RenovoRx has developed the RenovoCath, which is FDA cleared and now being investigated in an active clinical trial to prove extended median survival and improved quality of life.
The RenovoCath is specifically designed for the targeted delivery of fluids, including diagnostic and therapeutic agents, through a dual-balloon catheter into selected sites in the peripheral vascular system. The proximal and distal occlusion balloons enable effective isolation of the vascular site to allow delivery of chemotherapy in a controlled environment.
The RenovoCath provides a unique approach, using Trans-Arterial Micro-Perfusion (TAMP) to target delivery of an agent directly to the disease site. The RenovoCath TAMP delivery method is being investigated in the TIGeR-PaC clinical study, enrolling newly-diagnosed, locally-advanced pancreatic cancer patients.
Targeted Delivery Works*
Initial data using the RenovoCath has been promising. In one study, 73 percent of patients treated with the RenovoCath had a survival rate of two years.
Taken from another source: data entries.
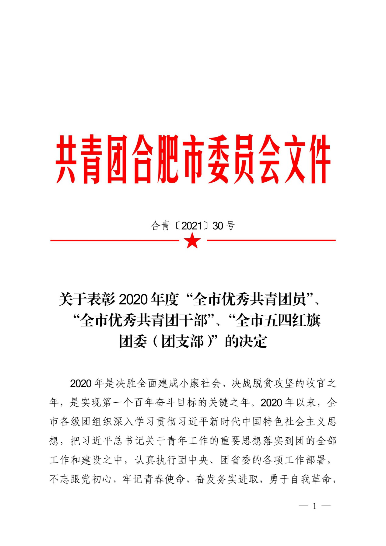 近日,共青团合肥市委下发《关于表彰2020 年度“全市优秀共青团员”、“全市优秀共青团干部”、“全市五四红旗团委(团支部)”的决定》文件,决定授予一批团员、团干部和团组织“合肥市优秀共青团员”、“合肥市优秀共青团干部”、“合肥市五四红旗团委(团支部)”等荣誉称号。
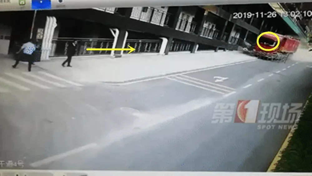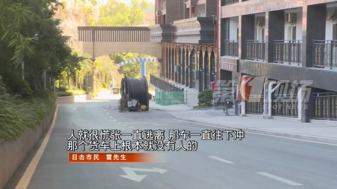 監(jiān)控中的這一幕發(fā)生在羅湖區(qū)的一個(gè)建筑工地旁,事發(fā)時(shí)間是11月26號下午的1點(diǎn)左右,有幾位市民正走在一條陡坡路上,他們聽到后面?zhèn)鱽黹_車的聲音,下意識(shí)地往路邊躲避。
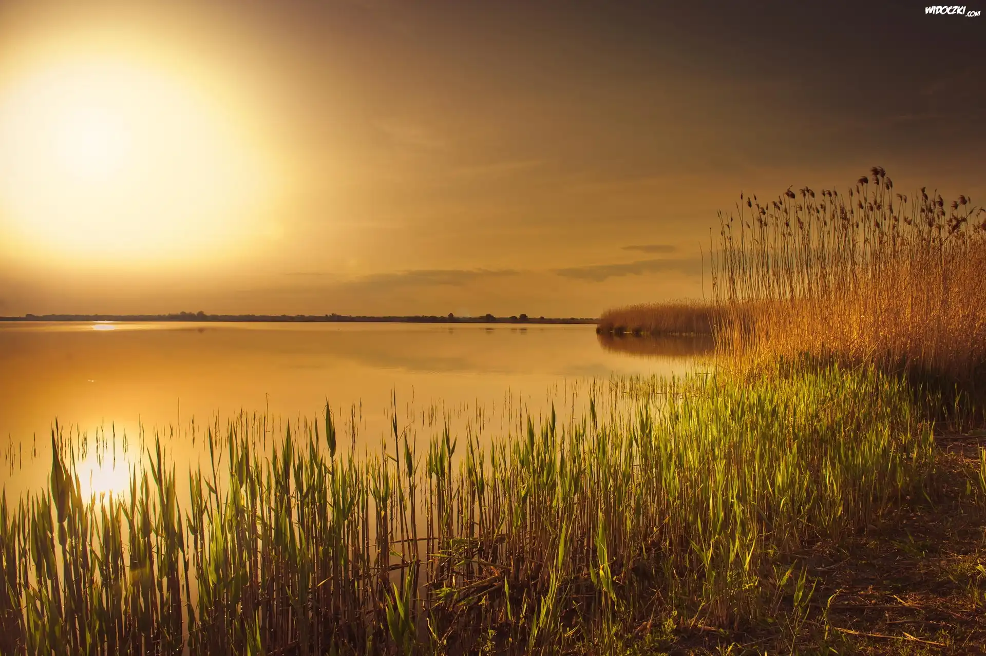 Zdjęcia, Jezioro, Zachód, Słońca, Trawa
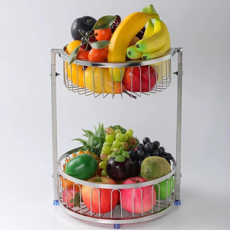 ตะกร้าผลไม้สแตนเลสสีเงินสไตล์โมเดิร์น เป็นมิตรกับสิ่งแวดล้อม สามารถใช้เป็นของตกแต่งกลางโต๊ะและเคาน์เตอร์ได้
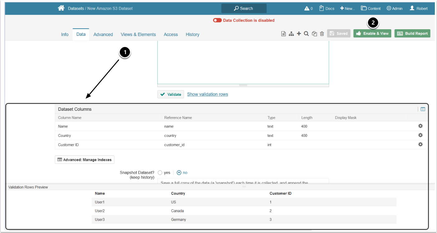 - If the command is validated successfully, the Dataset columns and Validation Rows Preview are displayed below

Other studies have found that patients with advanced pancreatic cancer who received chemotherapy via the RenovoCath lived 27.5 months beyond their diagnosis.
Caution: Federal (USA) law restricts this device to sale by or on the order of a physician.
The RenovoRx is cleared for chemotherapeutic drug infusion to selected sites in the peripheral vascular system. Prior to use, please refer to the RenovoRx IFU for complete product indications, warnings, precautions, contraindications, potential adverse effects and detailed instructions for use.